紋章はゆれて、まばらに生え揃った恥毛よりもやや下、おんなを息吹かせはじめた  
黒々とした繊毛の上に銀の煌めきが鎮座する。  
 
 たとえ、ドナルドとの情交の残滓がこぼれてしまって紋章が濡れようとも晒して  
しまうことの後悔はしていられない。クレアはセリエの望み通りの姿で立ち尽くす。  
「そのまま犬になれ」   
「……」  
「わからないか、いぬだよ。四本足で地を這う奴さ。イヤなら地を這う天使にでも  
おなり。それとも牝豚かな?」  
 クレアはセリエの言った通りに屈んでトンと床に両手を付くと、言われた通りの  
四つん這いになった。ドナルドの目にはクレアの哀れさとは違う、まったく別の感情も  
生まれていた。  
 
「おまえもこいつも罰当たりだよな」  
 クレアの下腹と胸が哀れなほど波打っている。貌を下に向け、首をがくっと折れて、  
床にクレアの金髪が肩からさらりと垂れる。  
「クレアはお前のことを慕って――」  
 セリエはドナルドの顎を上に上げた。  
「さあ、此処へおいで。ゆっくりとでいいからね。はやく歩かれでもしたら道化だからね、クレア」  
 クレアはゆっくりと歩き始めた。セリエの言葉に従ったわけではないが、好きな人のために  
それしかできない、せいいっぱいのことをしたまでのこと。  
 
 けれど、もどかしいほどに、ゆっくりとではあったが。セリエはそれを利用して  
ドナルドのペニスを握り扱きだす。  
「もう、ゆるしてやってくれ」  
「ゆるす?わたしとクレアとで、たっぷりとおまえを愉しまそうとしているのにか?  
それに、こんなにも濡れているじゃないか」  
 セリエはペニスを握っていた手を出して、ドナルドの呻く口の中へと指を  
突っ込んでいた。貌の前にひけらかした。指はドナルドの透明な分泌物で濡らついている。  
 
 そしてセリエが目を落とすと、クレアが既に傍にまで来ていた。

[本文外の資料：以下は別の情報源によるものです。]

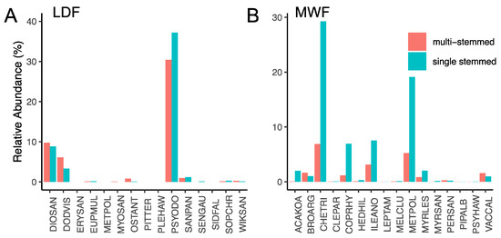 Relative abundance of multiple-stem and single-stem trees across both lowland dry forest (LDF) and montane wet forest (MWF). Panel (A) represents the relative abundance (%) of multiple-stem and single-stem trees within the LDF. Panel (B) represents the relative abundance (%) of multiple-stem and single-stem trees within the MWF. A full species list can be found in the Supplemental Information.
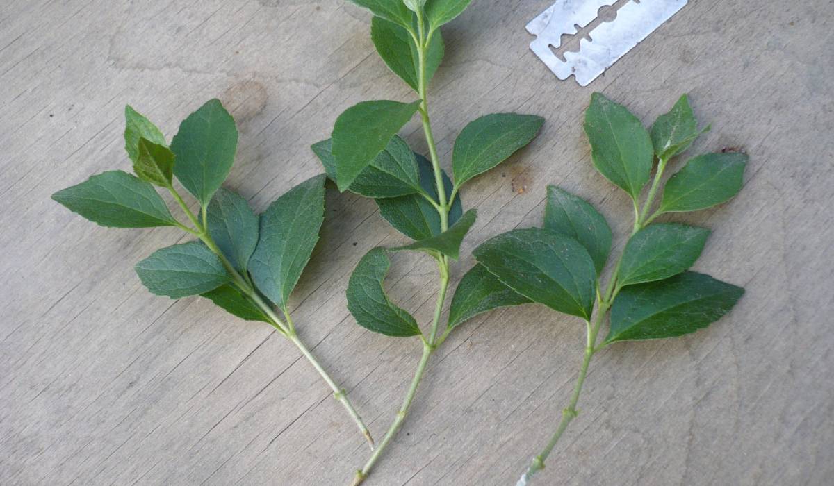 Черенки для посадки срезают во время или после цветения кустарника. Выбирают боковые, молодые, тонкие веточки с цветами. Их резким движением отламывают от куста таким образом, чтобы на конце остался кусочек коры с древесиной. Затем проводят обрезку на небольшие части длиной в 4-5 см с междоузлием и 2-3 парами листочков, которые наполовину укорачивают. Внизу делают косой срез. Если получилось, что внизу остались листья, их удаляют. Для лучшей адаптации кончики черенков на пару минут замачивают в «Корневине» или другом стимуляторе роста. Затем под наклоном их зглубляют в почву на 2-3 см. Для поддержания влажности, посадки прикрывают пластиковыми бутылками. Через 2-3 недели черенки должны пустить корни.

相変わらず、貌は  
下を向いたままだった。  
「なにをしている、クレア。こいつのズボンを脱がせろ。得意なんだろ」  
「……」  
 クレアはだまってドナルドのズボンに手を掛ける。  
「返事をしろ、クレア!」  
 セリエの首筋にくっきりと胸鎖乳突筋がふたつ浮き出たのをドナルドは見て、いまさらながら  
セリエの狂気を認識した。首筋を舐め愛に燃えた遠い記憶がドナルドの中で霞んでゆく。  
「は、はい。セリエさま」  
「おまえの愛とはそれだけのものか。這いつくばった天使に感謝したらどうだ」  
 セリエは舌を出してドナルドの流した哀しみの雫をぺろっと舐めた。  
 
 
 白い女王カチュアが退席した後、一同も席を立ちぞろぞろとサロンへと歩きだす。  
「情報の出所もわからず、誰がドナルドらを連れてくるのかもわからず……」  
「なんとも難儀なことよな」  
「さしずめ、システィーナ殿ではないのかな」  
「いくらなんでも、本人が表立って動くわけにもいくまいて」  
 うるさい者たちが立ち去って、システィーナとアロセールたちもやおら立ち上がった。